Linear combination of symmetric matrices

Let $A, B, C, D$ be four linearly independent symmetric 3 x 3-matrices over $\mathbb K$. Show that some linear combination of these matrices is a matrix of rank 1.

I know it is supposed to be a question in Algebraic Geometry, so it must be interesting :)

Solution 1:

First, you need to assume that $\mathbb{K}$ is algebraically closed. For instance, over $\mathbb{R}$, take

$$ A=\left(\begin{array}{ccc}1& 0& 0 \\0&-1&0\\0&0&0 \end{array}\right),B=\left(\begin{array}{ccc}0& 0& 0 \\0&-1&0\\0&0&1 \end{array}\right),C=\left(\begin{array}{ccc}0& 0& 1 \\0&0&0\\1&0&0 \end{array}\right),D=\left(\begin{array}{ccc}0& 0& 0 \\0&0&1\\0&1&0 \end{array}\right) $$ The matrices are linearly independent, and each has rank 2. But no linear combination gives a rank 1 matrix. (Over $\mathbb{C}$ you can take $c_1=1,c_2=-1,c_3=i,c_4=0$.)

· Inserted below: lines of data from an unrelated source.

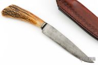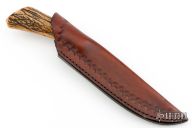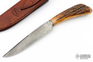 This hunter by Landers Frary & Clark features a drop point blade with false top edge and integral bolster, .080" blade stock and 1.100" blade depth, hidden tang construction. The handle has a stag grip with metal inlay in the butt. Comes with a hand tooled brown leather sheath. Has some light pitting and patina, otherwise good condition for its age.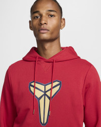 Embrace the Mamba Mentality in this soft pullover hoodie. Much like Kobe on the court, it brings multitool value to your wardrobe with its classic fit and soft, midweight French terry fabric. Kobe's classic sheath logo at the chest is paired with a zippered side pocket and a polished logo zipper pull. Benefits - Nike Dri-FIT technology moves sweat away from your skin for quicker evaporation, helping you stay dry and comfortable. - Smooth on the outside with unbrushed loops on the inside, this midweight French terry helps create breathability, so it’s comfy enough for you to wear all year long, no matter the temp. - Zippered utility pocket helps store your valuables on the way to and from the court. - Ribbed panels add extra mobility and stretch on the sides, underarm and on the chest. Product Details - Ribbed cuffs and hem - Embroidered Swoosh logo - Hood with drawcord - Body: 54% polyester/46% cotton. Rib: 96% cotton/4% spandex. Hood lining: 54% polyester/46% cotton - Machine wash - Imported - Shown: Varsity Red/Jersey Gold - Style: HF0066-636 SIZE & FIT Standard fit: easy and traditional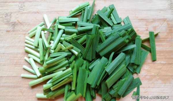 1:买好蔬菜待用,将200克嫩韭菜切去不新鲜的部分,用清水洗净,将韭菜全部切成几段,将韭菜的茎叶分开。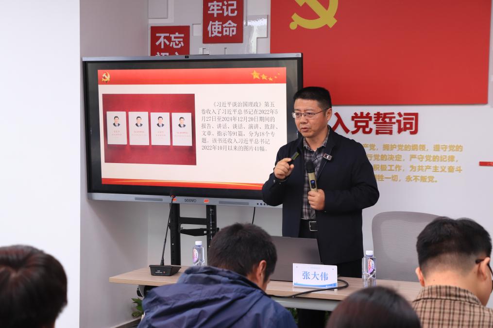 讲座中,张大伟从深刻背景与重大意义、逻辑框架与核心内容、基本要求与具体方法三个维度,系统解读《习近平谈治国理政》第五卷。他结合世情、国情、民情、党情,阐释了著作出版的时代价值,从战略目标、总体布局、配套保障和根本保证四个方面详细梳理著作的逻辑框架,重点解读“中国式现代化”“改革开放”“两个结合”等核心要义,并针对党员干部提出“提高政治站位、心怀‘国之大者’、增强经济意识、保持赶考心态”的学习要求,分享“构建系统学习体系、注重学以致用”的实践方法。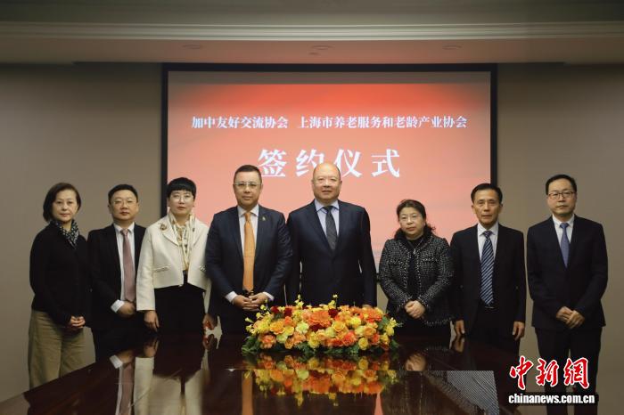 上海市養(yǎng)老服務(wù)和老齡產(chǎn)業(yè)協(xié)會與加中友好交流協(xié)會簽署戰(zhàn)略合作協(xié)議。(加中友好交流協(xié)會供圖)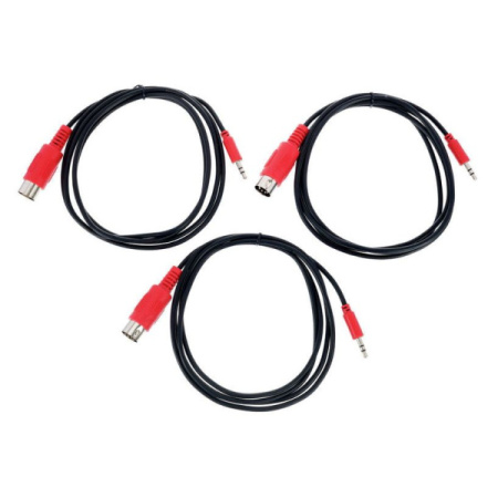 Befaco TRS-MIDI Cable A - комплект кабелей с разъемами TRS 3.5 мм – 5-pin DIN «папа». Длина каждого кабеля составляет 1,5 метра. Совместимы с девайсами от Akai, Korg, Make Noise, ADDAC, Critter & Guitari, Dreadbox, Intellijel, Teenage Engineering, Twisted Electrons, Elektron и так далее. В наборе три кабеля.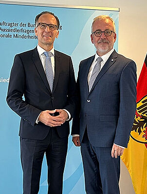 Am 6. Oktober traf sich der Beauftragte der Bundesregierung für Aussiedlerfragen und nationale Minderheiten, Dr. Bernd Fabritius, zu einem Gespräch mit dem Leiter der Zentralabteilung im Auswärtigen Amt, Dr. Peer Gebauer, ehemaliger deutscher Botschafter in Bukarest. Im Mittelpunkt des Austauschs stand die Umsetzung des Organisationserlasses des Bundeskanzlers vom 6. Mai 2025, mit dem die Zuständigkeit für die Förderung der deutschen Minderheiten aus dem Auswärtigen Amt (AA) in das Bundesministerium des Innern (BMI) übergeht. mehr...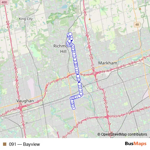 The first stop of the 091 bus route is Finch GO BUS Terminal Platform 3 and the last stop is Subrisco AV / Bayview Av. 091 (Bayview) is operational during everyday.
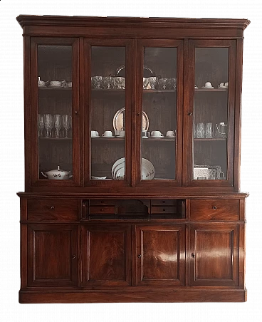 Credenza vetrina in noce con vetri soffiati, epoca '800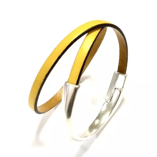 Demi jonc aimanté pour cuir plat 5mm ARGENT VIF OU ANTIQUE - Argent vif

So suppose $\mathbb{K}$ is algebraically closed. You may as well show that some combination of the matrices factors as the product $\alpha\alpha'$ for some non-zero vector $\alpha\in \mathbb{K}^3$. Thus you want to solve for $$ \alpha\alpha'=\sum_{i}c_iA_i $$ where the left hand side is $$ \alpha\alpha'=\left(\begin{array}{ccc}\alpha_1^2& \alpha_1\alpha_2& \alpha_1\alpha_3\\\alpha_1\alpha_2&\alpha_2^2&\alpha_2\alpha_3\\\alpha_1\alpha_3&\alpha_2\alpha_3&\alpha_3^2 \end{array}\right). $$ By symmetry, you only need to solve for the upper half. This gives you 7 indeterminates $(\alpha_i,c_i)$'s and 6 equations - call them $f_j$'s. Now each equation drops the dimension of $\mathbb{K}[\alpha_i,c_i]$ by at most 1. More precisely, set $X=\mathrm{Spec}(K[\alpha_i,c_i]/(f_j))$. Then $X$ has dimension at least 1 as a variety. Now if $\mathbb{K}$ is algebraically closed, the points on $X$ are geometric, i.e., they are elements in $\mathbb{K}^3$. Now (by the assumption of linear independence), the set of points on $X$ at which $\alpha\alpha'$ has rank 0 is a subvariety of dimension 0 (namely, it is the origin). So you can pick any point outside of it (which exists by dimension reasons) and this gives you a pair $(\alpha_i,c_i)$ such that $\alpha\alpha'$ is rank 1.